I then granted myself technology one era at a time. I'm still at turn 1, up until future tech era, I did not observe any maintenance cost change, it's still at -6 eventhough I edited my greek to have all technology already.

Around turn 15, adopt policy alert box came up, I picked patronage, my maintenance cost went up by 1, to -7. I turned on single player end turn and watched the maintenance cost went from -6 to -4, then -7. I guess I or someone else with more time need to do a slowly turn by turn record keeping, rather than let the game run automatically

turn 25, forgot what stopped my auto turn advance, maintenance up to -8
turn 37, civilization ranking alert box, my unit maintenance is up to -9.
turn 39, adopt policy alert, maintenance up to -10

total units used in test, 18 warrior (although you can have any combination and initial observation confirm it's # of units, regardless it's civilian or military units that matters)
 
Poking around in the XML solved one part of the mystery.
The reason people keep reporting that every other unit deleted reduced their maintenance is this (I believe):
After applying some (unknown) formula based on game speed, number of turns elapsed, and number of units, the result is then rounded down to the nearest multiple of 7. This is the "exponent divisor value." Every other place that the word "divisor" is used in the XML, it's in this context (for example, the policy cost divisor is 5, they are based on a formula and then rounded down to the nearest 5).
So it seems that the reason that deleting 2 units tends to make it go down by exactly 7 some of the time but not always depends on the amount of maintenance. If your unrounded maintenence is 48 (rounds to 42) and you maintenance per unit is 5, you have to delete 2 units to see a change in maintenance, but deleting one more unit after that makes it change again! The number is inconsistent because 5 does not divide into 7.
I'm willing to guess that unit costs remain between 0 and 7 for most of the game, if not all of it, which explains why sometimes you can delete a unit and not have any change in maintenance.

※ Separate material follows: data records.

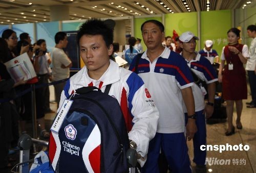 中新網7月31日電 7月31日,中華臺北隊舉重運動員抵達北京首都國際機場。參加北京奧運會的中華臺北舉重隊由7人組成,包括5名運動員和2名教練員。
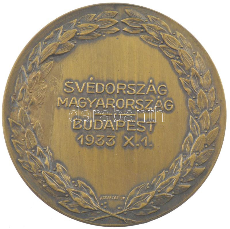 1933. "A Magyar Athletikai Szövetség Emlékérme / Svédország-Magyarország - Budapest 1933. X. 1." bronz emlékérem "Arkanzas BPest" gyártói jelzéssel, eredeti, sérült tokban (50mm) T:1-,2
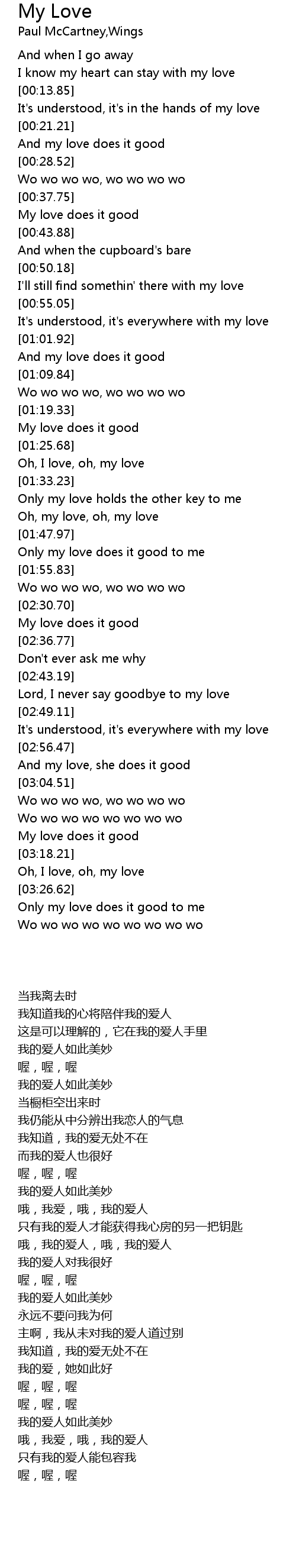 Oh, I love, oh, my love |
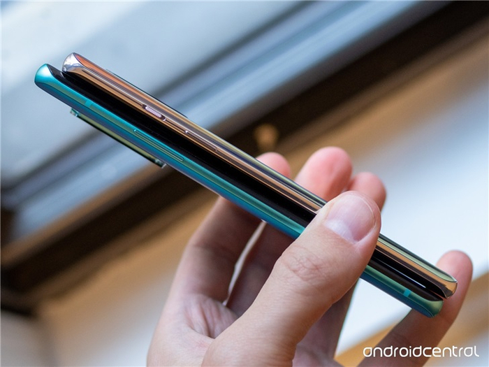 在外观设计方面,先将两部手机放在同一位置。尽管大小不同,它们的外部硬件质量和设计几乎相同。你会看到相同的弯曲边缘,立体声扬声器,按钮位置甚至相机布置,一目了然。颜色虽然不相同,但是它们是相似的:你可以同时获得黑色或亚绿色的光泽,或者一加8上带有光泽的“银白色”,而一加8 Pro上则带有亚光的“深蓝色”。
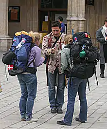 Begpacking combines begging and backpacking in reference to individuals who beg (ask directly or indirectly for money), solicit money during street performances, or vend (sell postcards or other small items) as a way to extend their overseas travel.[21] The trend has drawn criticism for taking money away from people in actual need, with one known begpacker barred from entering Singapore.[22][23] Begpacking is common in Southeast Asia and is a trend in South America and South Korea.[24][25]

By the way, 2 units costing 2.02 times as much is likely just a rounding issue. If you have one unit that costs 7.6, it will round it DOWN to 7. If you have two units costing 7.6, it adds up to 15.2 and then rounds to 15. The ratio will not be exactly two because the fractions are dropped after all of the cost is added up.

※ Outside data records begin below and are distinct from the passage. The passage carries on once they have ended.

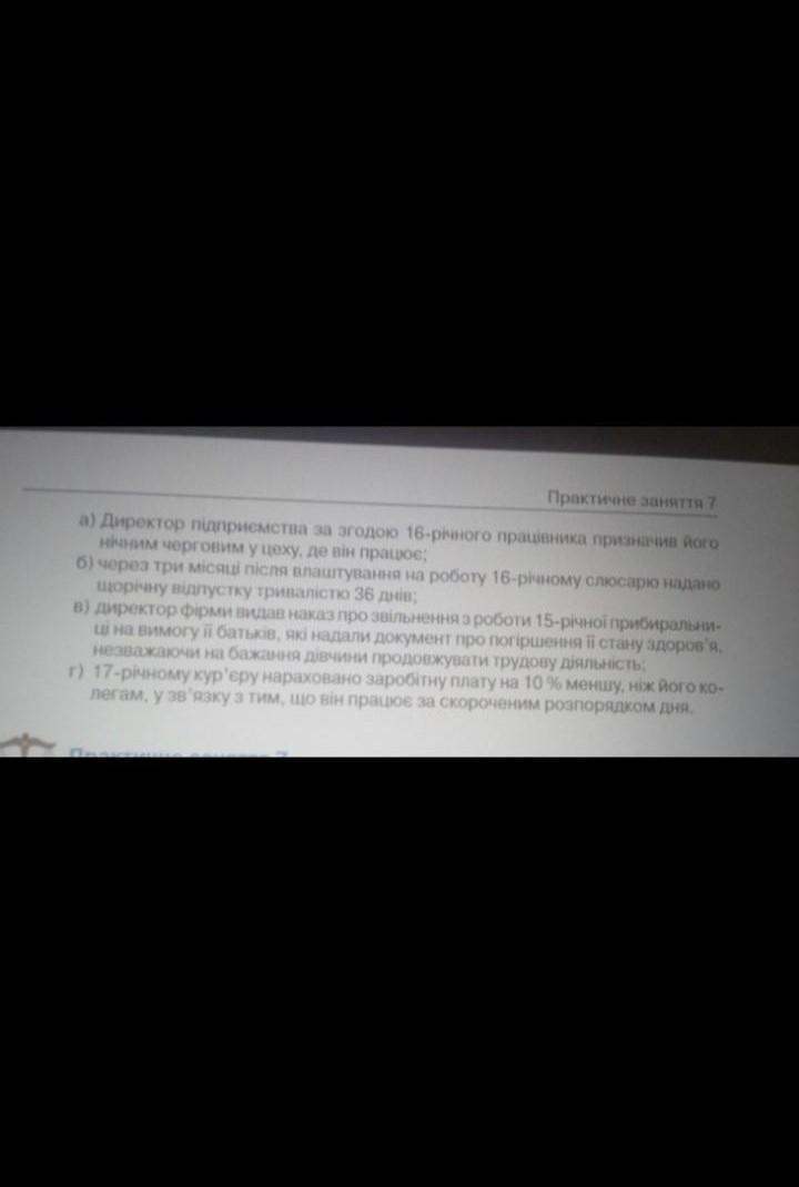 ТЕРМІНОВО визначте у якому із зазначених випадків порушено законодавство України про працю неповнолітніх осіб. І чому?
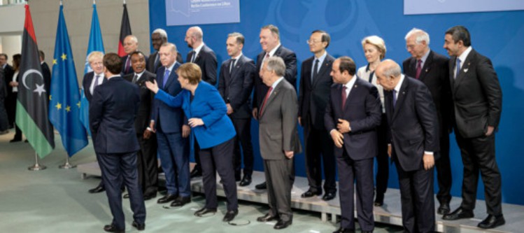 Foto di gruppo per iniziare la Conferenza internazionale sulla Libia a Berlino. A fare gli onori di casa la Merkel, Conte cerca la prima fila, invano.
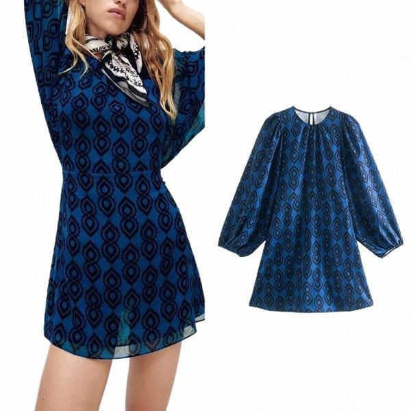 casual dresses 2022 zar women fall fashion short dress geometric print retro high street folded long sleeve elegant temperament vestidos 56j, Black;gray

To anyone wanting to figure out the formula, the easiest way would be to set the divisor to 1 so you can actually see it changing in amounts smaller than 7, use Tuner to give yourself a huge number of units, then record the amount of maintenance on each turn for a few dozen turns (please keep in mind the game speed makes a difference). If you want to, send me the results you obtain and I'll figure out the formula (I have a math background and love this kind of stuff, I just don't really know how to use Tuner and don't have much interest in pressing end turn 100 times to get a decent sample).

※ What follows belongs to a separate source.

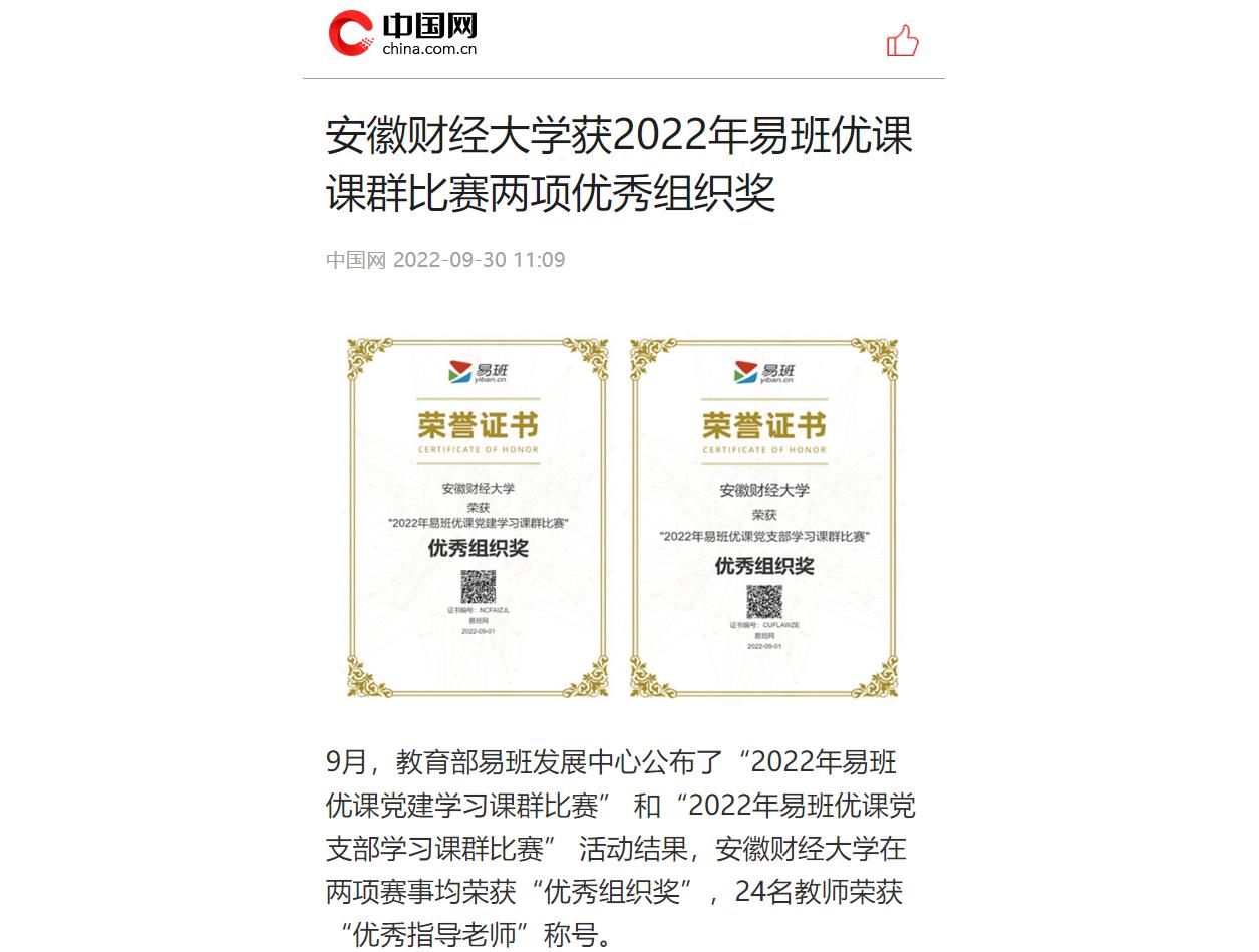 9月30日,中国网、凤凰网以《乐竞在线注册获2022年易班优课课群比赛两项优秀组织奖》为题,报道我校在易班优课课群比赛中获两项“优秀组织奖”,24名教师荣获“优秀指导老师”称号。

So we should just change the divisor to 1, right? If I'm reading this correctly, that should make for much more accurate and intuitive upkeep costs, where deleting a unit yields -4 cost per turn, another unit -4 per turn, another unit -3 per turn, etc. It seems like the issue where only every other unit costs money isn't [integer]/2, it's the rounding to the nearest 7, so rounding to the nearest 1 should eliminate that behavior, correct? (I'm not concerned with the formula here, just making the upkeep costs more logical).
 
The supply limit is so high relative to productive capacity and unit costs that I have never even come close.

I've hit it early on playing as Germany, with only one city (finishing Stonehenge) and a bunch of converted barbarian units.